**EXERCISE INPUT:**
[Start of section]
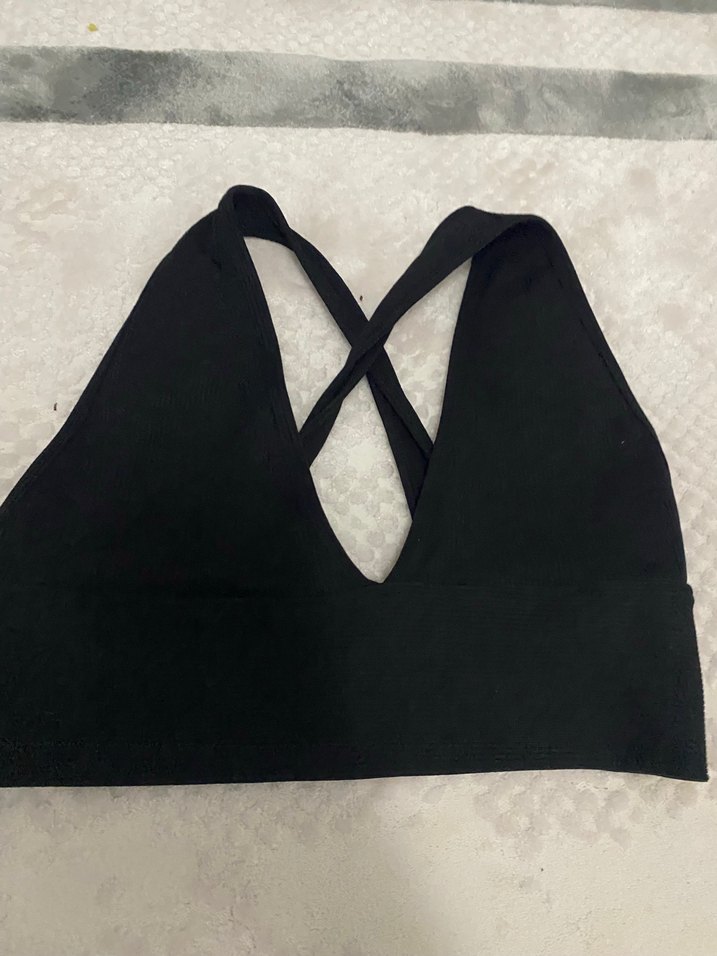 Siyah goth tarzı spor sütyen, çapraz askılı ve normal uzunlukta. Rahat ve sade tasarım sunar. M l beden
[End of section]
[Start of section]
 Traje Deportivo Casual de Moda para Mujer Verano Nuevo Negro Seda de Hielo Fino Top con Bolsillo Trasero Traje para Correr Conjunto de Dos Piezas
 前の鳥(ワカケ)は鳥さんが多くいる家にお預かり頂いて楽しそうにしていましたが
[End of section]
**EXERCISE AIM:** Please reproduce exactly the lines in the listing above from the one containing "Traje Deportivo Casual" through the one containing "前の鳥(ワカケ)は鳥さんが多くいる家にお預かり頂いて楽しそうにしていましたが", both included, and nothing more.

**FINAL ANSWER:**
 Traje Deportivo Casual de Moda para Mujer Verano Nuevo Negro Seda de Hielo Fino Top con Bolsillo Trasero Traje para Correr Conjunto de Dos Piezas
 前の鳥(ワカケ)は鳥さんが多くいる家にお預かり頂いて楽しそうにしていましたが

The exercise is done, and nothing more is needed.